╭──

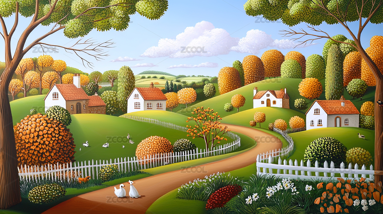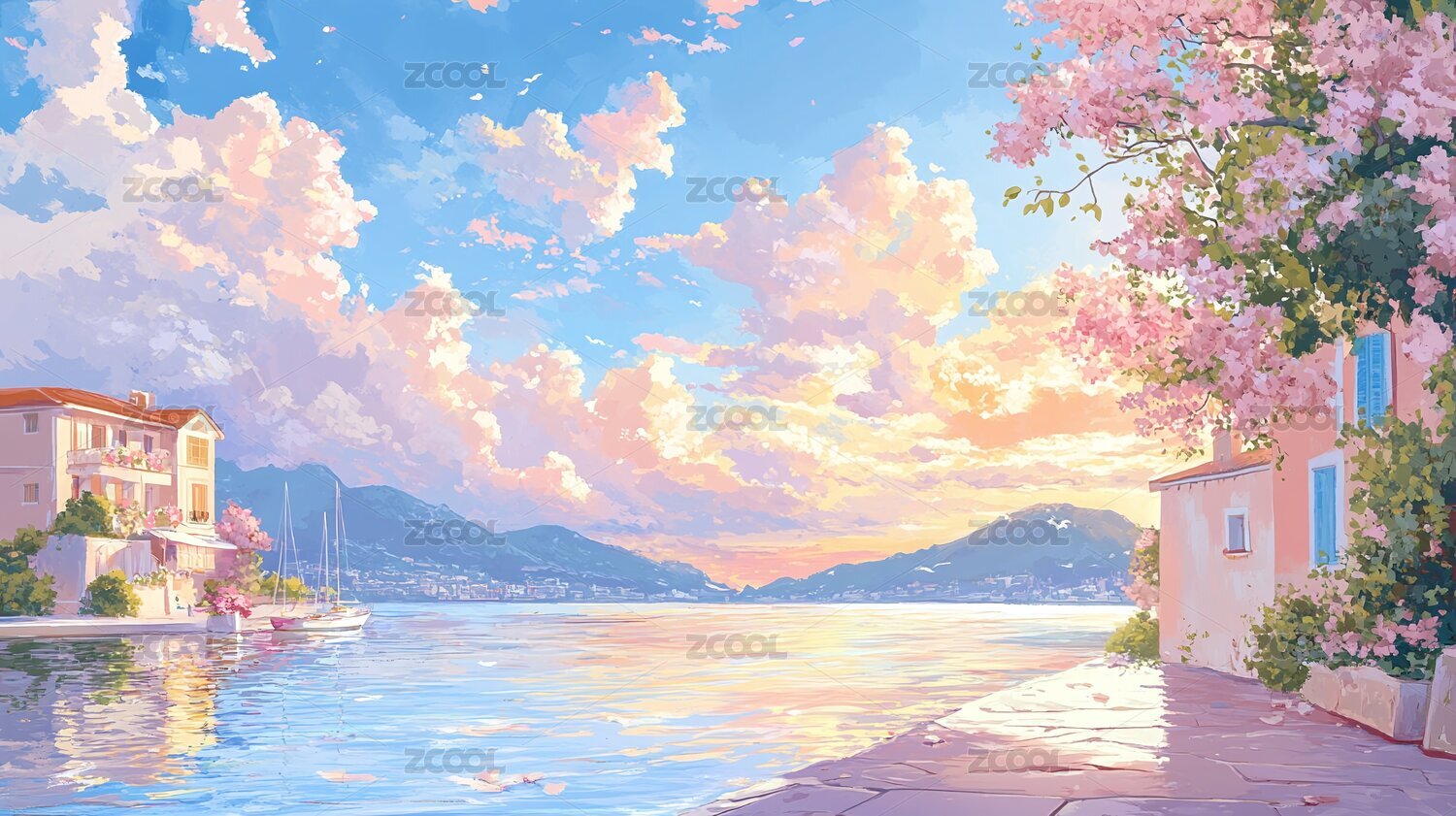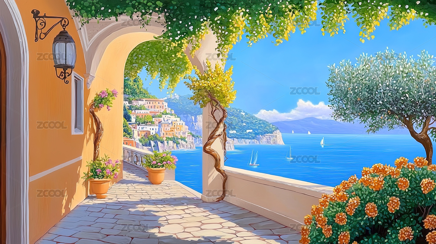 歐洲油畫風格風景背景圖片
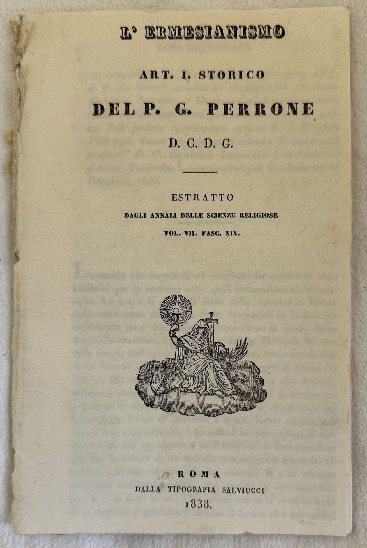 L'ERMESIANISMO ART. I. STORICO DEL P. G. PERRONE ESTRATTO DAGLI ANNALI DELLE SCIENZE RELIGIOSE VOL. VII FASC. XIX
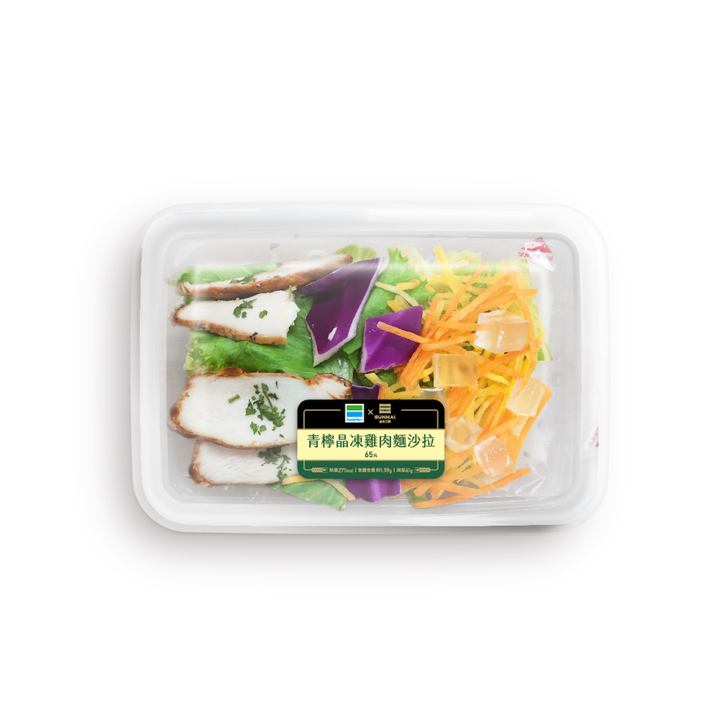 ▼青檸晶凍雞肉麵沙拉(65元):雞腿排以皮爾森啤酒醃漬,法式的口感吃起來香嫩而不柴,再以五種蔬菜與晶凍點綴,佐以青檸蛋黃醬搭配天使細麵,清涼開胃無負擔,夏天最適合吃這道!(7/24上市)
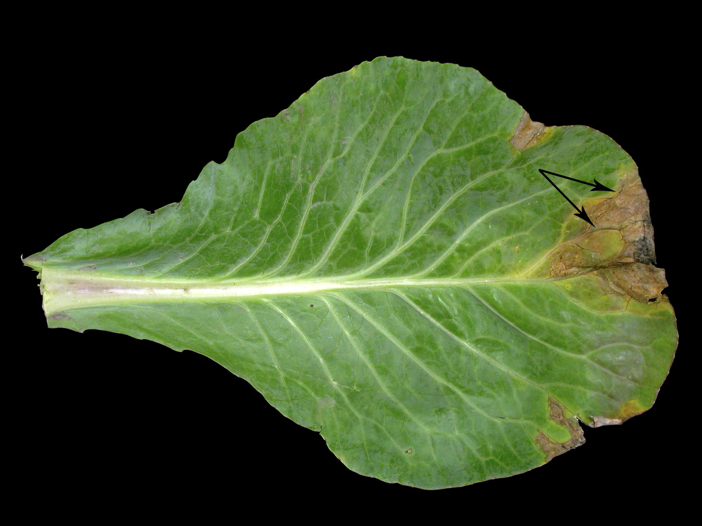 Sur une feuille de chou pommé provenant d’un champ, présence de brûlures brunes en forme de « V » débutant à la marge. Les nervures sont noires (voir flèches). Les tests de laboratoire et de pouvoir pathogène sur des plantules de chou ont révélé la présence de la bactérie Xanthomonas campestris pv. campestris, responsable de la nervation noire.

╰──
╭──

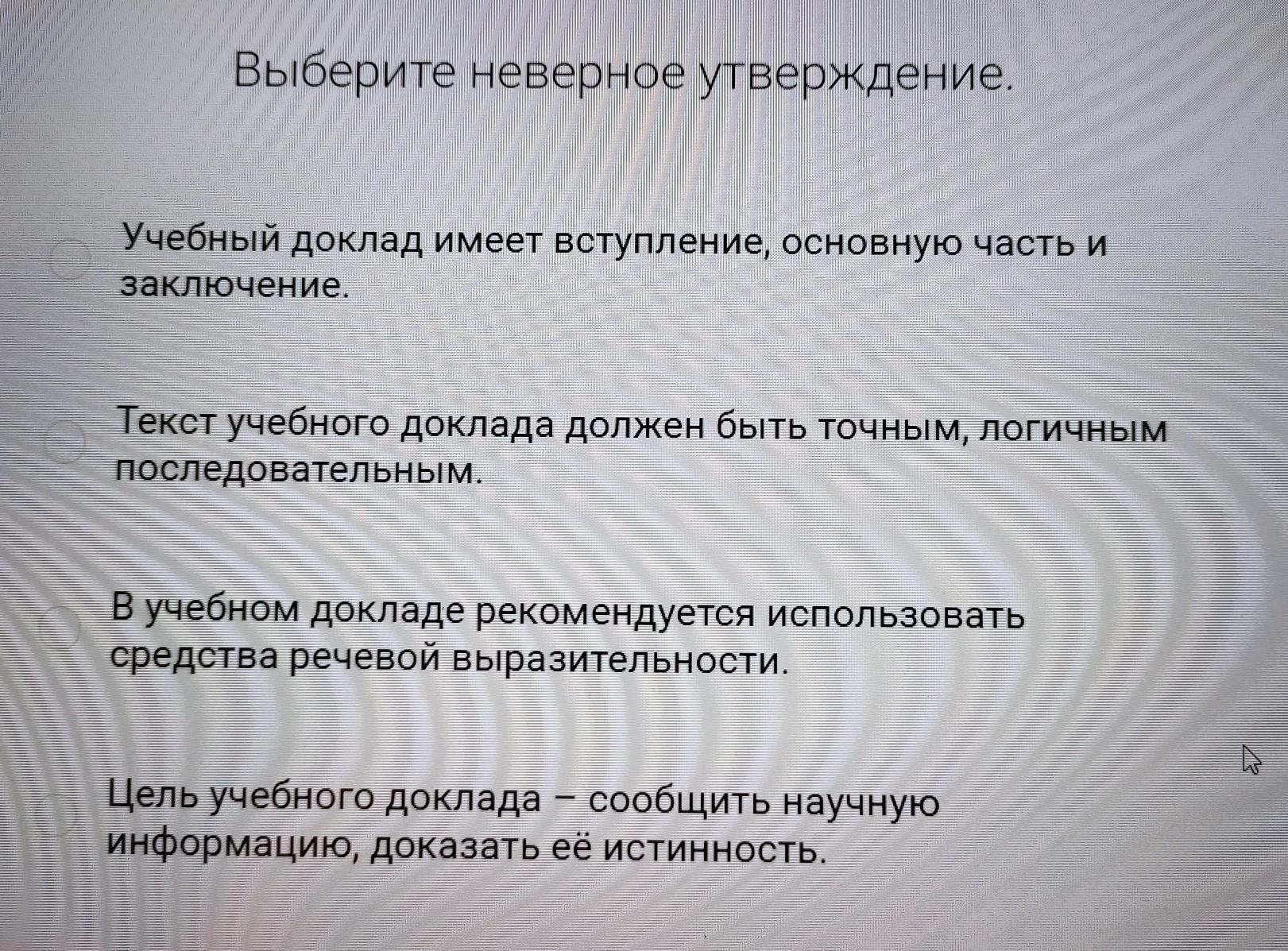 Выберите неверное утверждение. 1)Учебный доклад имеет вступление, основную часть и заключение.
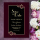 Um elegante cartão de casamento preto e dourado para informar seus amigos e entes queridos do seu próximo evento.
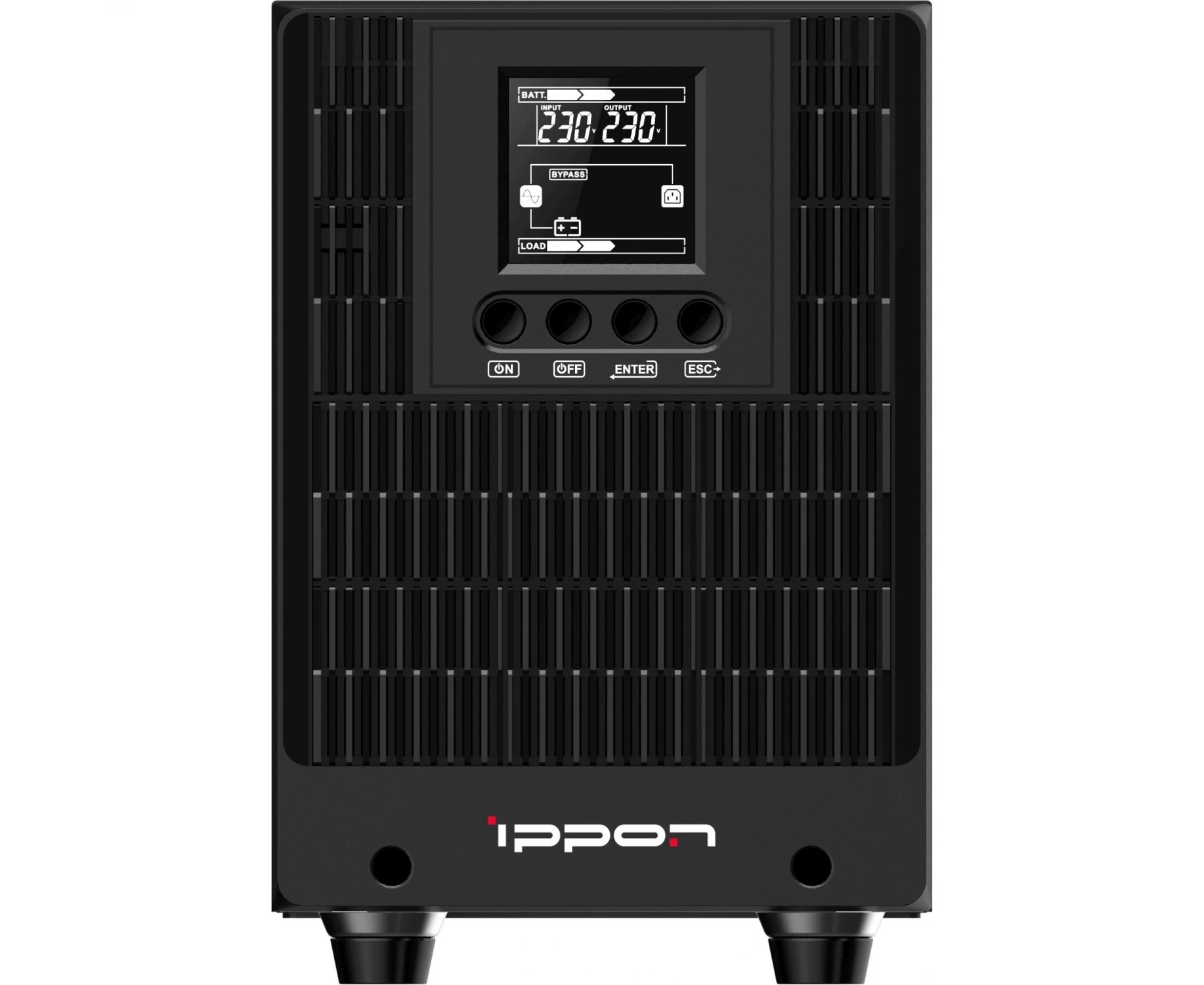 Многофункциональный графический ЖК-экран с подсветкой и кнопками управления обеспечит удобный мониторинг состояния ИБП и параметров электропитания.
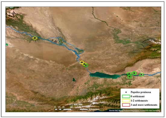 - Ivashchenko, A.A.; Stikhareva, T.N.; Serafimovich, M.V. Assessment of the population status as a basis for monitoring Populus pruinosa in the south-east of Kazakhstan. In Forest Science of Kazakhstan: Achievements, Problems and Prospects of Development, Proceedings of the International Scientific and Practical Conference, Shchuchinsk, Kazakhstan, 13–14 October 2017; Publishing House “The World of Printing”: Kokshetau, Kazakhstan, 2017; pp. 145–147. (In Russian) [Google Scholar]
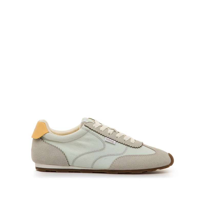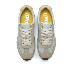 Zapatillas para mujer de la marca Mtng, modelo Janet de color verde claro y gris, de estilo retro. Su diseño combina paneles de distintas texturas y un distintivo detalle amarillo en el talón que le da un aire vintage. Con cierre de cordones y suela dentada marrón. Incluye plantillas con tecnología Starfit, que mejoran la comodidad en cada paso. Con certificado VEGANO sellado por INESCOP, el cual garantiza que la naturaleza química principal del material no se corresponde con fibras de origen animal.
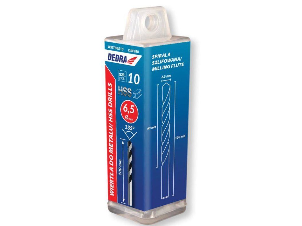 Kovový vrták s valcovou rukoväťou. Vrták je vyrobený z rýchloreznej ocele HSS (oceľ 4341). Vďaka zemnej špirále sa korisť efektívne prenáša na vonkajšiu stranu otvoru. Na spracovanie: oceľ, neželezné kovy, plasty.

╰──

TASK
Above are some records. Output exactly the lines from the one that contains "Um elegante cartão" to the one that contains "- Ivashchenko, A.A.;", keeping both, and omit the pictures.

SOLUTION FOR THIS EXERCISE
 Um elegante cartão de casamento preto e dourado para informar seus amigos e entes queridos do seu próximo evento.
 Многофункциональный графический ЖК-экран с подсветкой и кнопками управления обеспечит удобный мониторинг состояния ИБП и параметров электропитания.
 - Ivashchenko, A.A.; Stikhareva, T.N.; Serafimovich, M.V. Assessment of the population status as a basis for monitoring Populus pruinosa in the south-east of Kazakhstan. In Forest Science of Kazakhstan: Achievements, Problems and Prospects of Development, Proceedings of the International Scientific and Practical Conference, Shchuchinsk, Kazakhstan, 13–14 October 2017; Publishing House “The World of Printing”: Kokshetau, Kazakhstan, 2017; pp. 145–147. (In Russian) [Google Scholar]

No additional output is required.